Usually Rezulin lawsuits are aimed at Warner-Lambert, one of the drug manufacturers (the other being Parke-Davis), for negligence.
Additionally there has been evidence proving that Rezulin manufacturers were aware of the dangers well before its recall. This violation of patient's rights has been the primary cause for Rezulin lawsuits.
Rezulin lawsuit litigation:
There have been thousands of Rezulin lawsuits.
Aside from individual cases, there have been many class action lawsuits filled in an attempt to get Rezulin manufacturers to pay for the costs of strict monitoring of patients taking Rezulin to detect any liver or cardiac damage that could result.
Despite the time having passed from Rezulin's recall, people are still saying that are suffering from Rezulin's adverse affects.
As of March 21, 2000, the FDA asked the manufacturer of Rezulin (troglitazone) to remove the product from the market.
The "FDA took this action after its review of recent safety data on Rezulin and two similar drugs, rosiglitazone (Avandia) and pioglitazone (Actos), showed that Rezulin is more toxic to the liver than the other two drugs. Data to date show that Avandia and Actos, both approved in the past year, offer the same benefits as Rezulin without the same risk (FDA)."
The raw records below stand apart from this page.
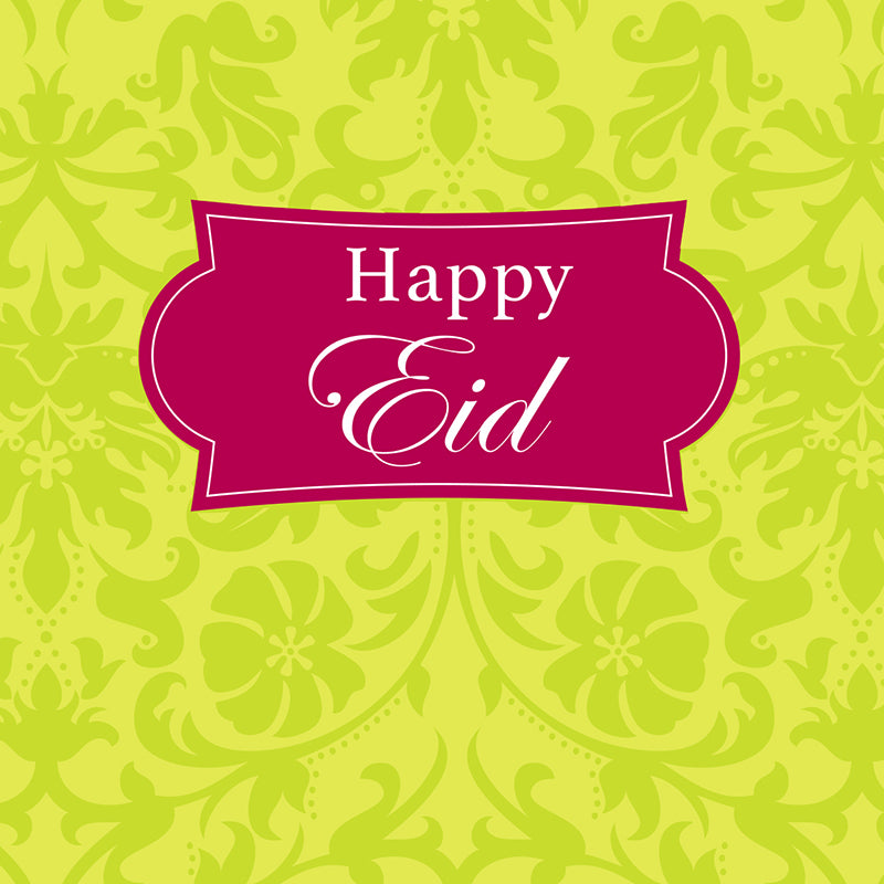 Happy Eid Green and Fushia Pink Glitter finish Greeting Card
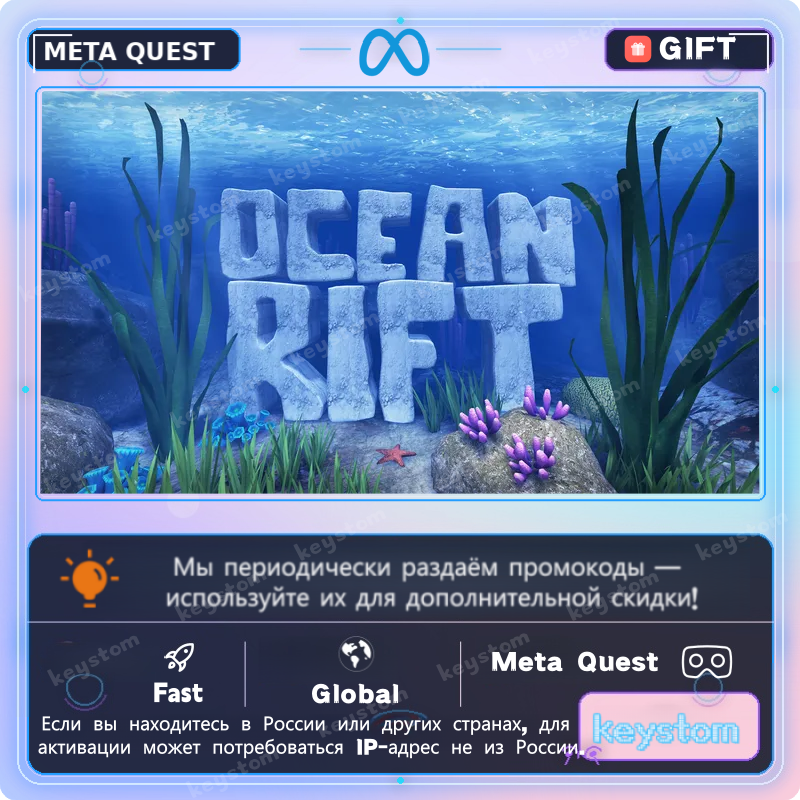 Ocean Rift представлен в Meta Quest как подводный сафари-парк в VR, где можно исследовать морской мир с дельфинами, акулами, черепахами, скатами и другой морской жизнью.
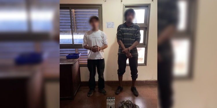 Rápidamente, una patrulla de la Comisaría Tercera acudió al lugar y aprehendió a dos individuos de 33 y 24 años, quienes tenían en su poder una llave térmica con terminales de cobre y varios cables, elementos que fueron incautados bajo acta.
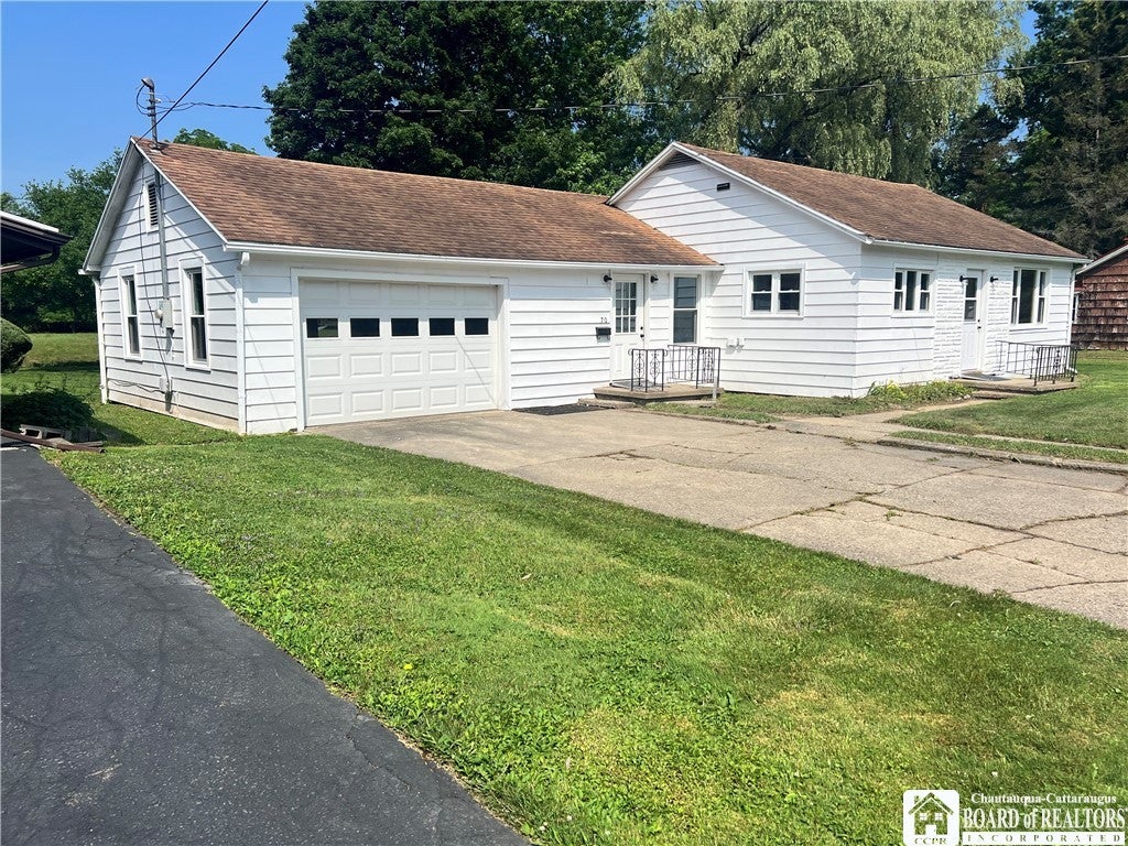2 BEDROOM, 1 BATH RANCH WITH ATTACHED HEATED GARAGE. This home is move-in ready. Perfect for a first time home buyer or a buyer looking to downsize. Eat-in kitchen with breakfast bar and lots of cupboards and countertops. Living room with electric fireplace. Two bedrooms, large bathroom/laundry room. Entry foyer/mudroom. Attached garage with lots of storage space. Nice yard with ramp in backyard.
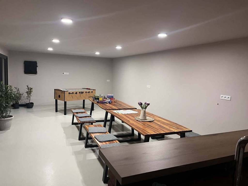 Společenská místnost - šipky, stolní fotbal, automatický kávovar, pípa
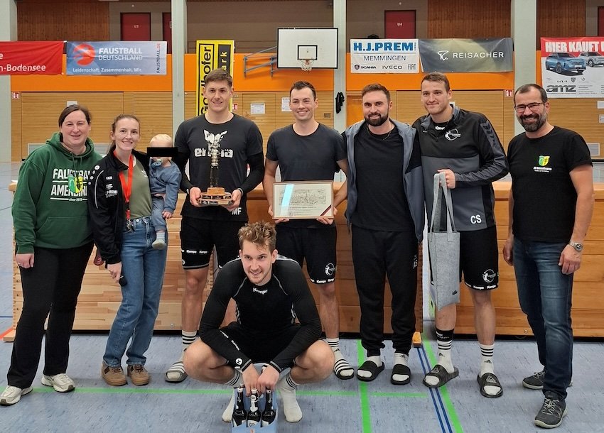 Der Bundesligist TV Neugablonz hat erneut den Allgäu Faustball Cup des SV Amendingen gewonnen. Das Team wird hier eingerahmt von (von links) Eva Müller (Stv.Abteilungsleiterin), Alex Prem (Abteilungsleiterin) und Frank Holzheu (ganz rechts). Foto: Lukas Mang/SVA-Faustball
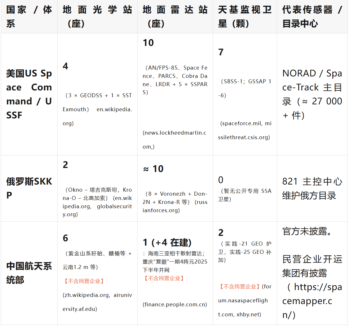 仅统计已公开承担 编目/SSA 值班 的固定传感器;弹道预警雷达若无明确回传轨道数据,不计入;海上/机载与商用传感器亦未列。
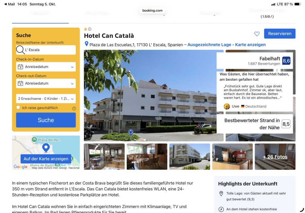 Ich hab eine Unterkunft in L‘Escala gefunden. Ein kleines Hotel mit Frühstück. Plaza de Las Escuelas,1, 17130 L‘ Escala, Spanien.
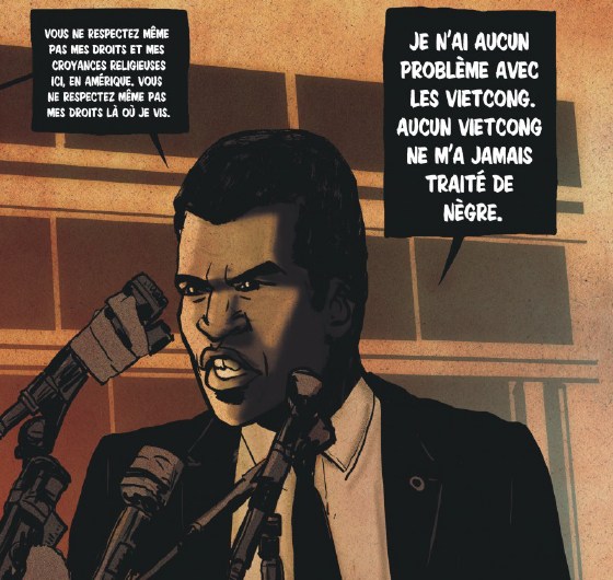 Ce documentaire très bavard, où presque tout est raconté en voix off, fourmille de détails mis en scène de manière très dynamique par Amazing Ameziane. La diversité des techniques employées selon les évènements racontés et l’utilisation intelligente des effets spéciaux donnent à cet album une identité graphique à part et une envergure digne du champion dont il est question. Les mises en images des combats contre Liston, Foreman et Frazier sont d’une intensité, d’une force et d’une beauté incroyables.
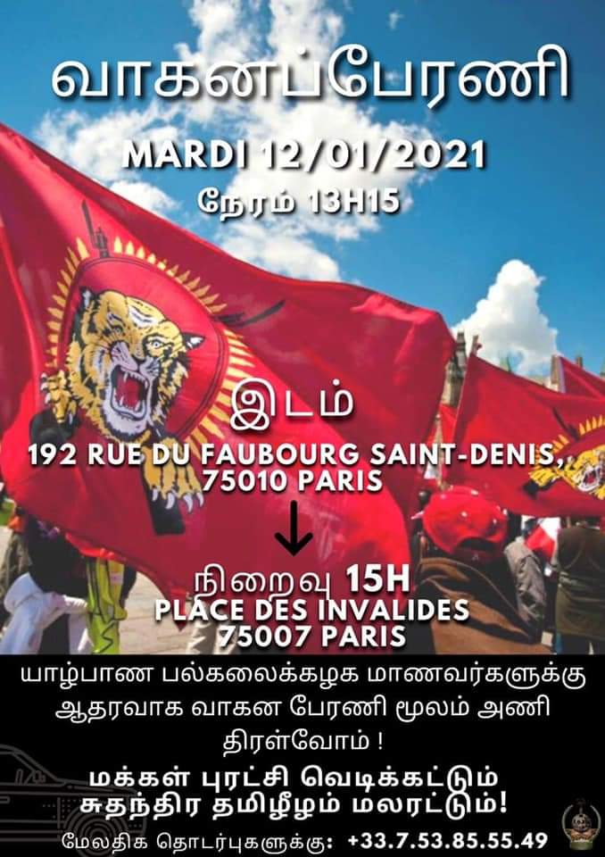 யாழ். பல்கலைக்கழக முற்றத்தில் அமைக்கப் பெற்றிருந்த முள்ளிவாய்க்கால் நினைவுத்தூபி இடித்தழிப்பு செய்யப்பட்டதைக் கண்டித்து பல்கலை மாணவர்களுக்கு ஆதரவாக பிரான்சில் தமிழ் இளையோர்களின் ஏற்பாட்டில் வாகனப்பேரணி ஒன்று நாளை செவ்வாய்க்கிழமை இடம்பெறவுள்ளது.
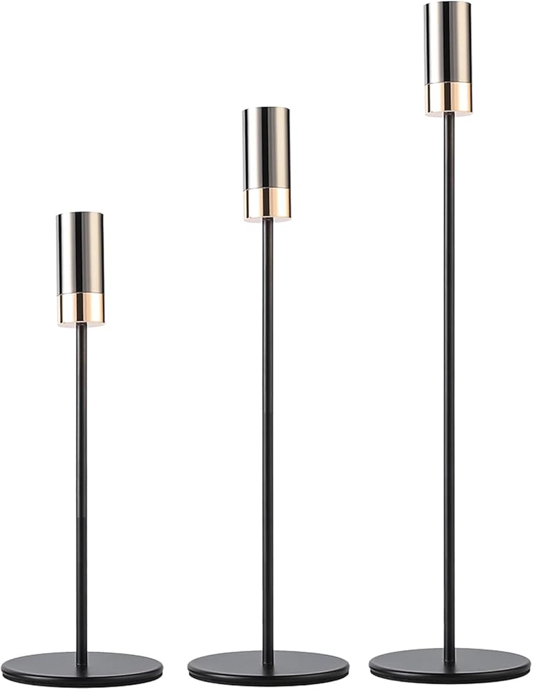 Enjinkail Black Candlestick Holders for Taper Candles Set of 3, Gold Candle Holder Centerpieces for Tables, Candle Sticks Holder Decor for Wedding, Dining, Party, Anniversary, Fits 3/4 inch Candle
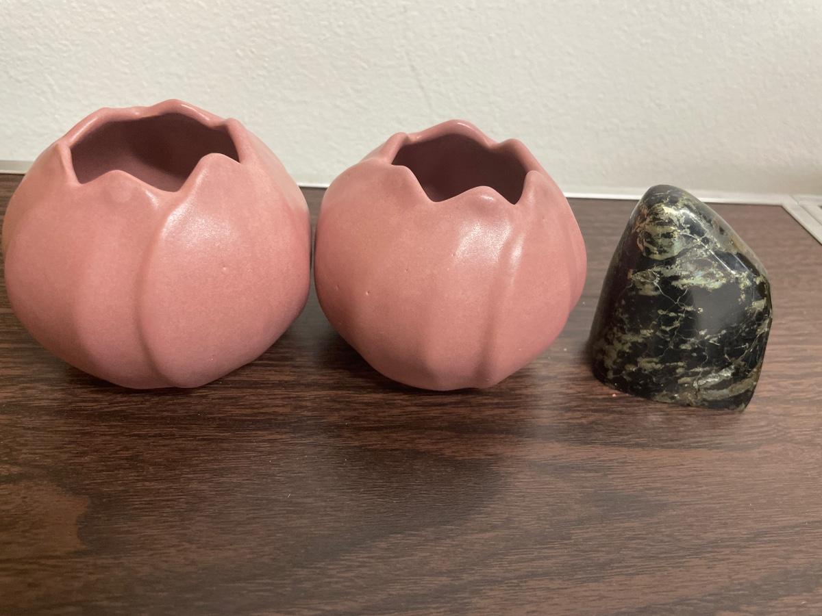 Small flower votives and decorative rock
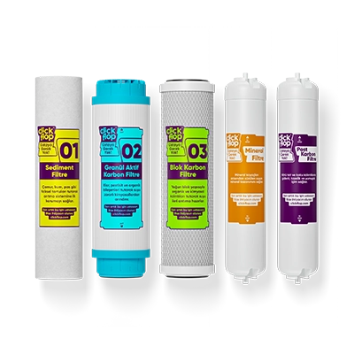 Bu 5 filtre her cihazda genellikle bulunurken, bazı cihazlarda ek olarak Mineral Filtre, Alkali Filtre gibi ek filtreler olabilir.

Since 1997, liver toxicity has been a known side effect of Rezulin. The manufacter Parke-Davis, in compliance with the FDA, improved their label a number of times and recommended careful monitoring of liver function in people taking Rezulin.
After monitoring Avandia and Actos for up to nine months, it became clear that these newer drugs presented less risk of severe liver toxicity than Rezulin.
US Food and Drug Administration. "Rezulin to be Withdrawn from the Market." HHS News. Online. 22 March 2000.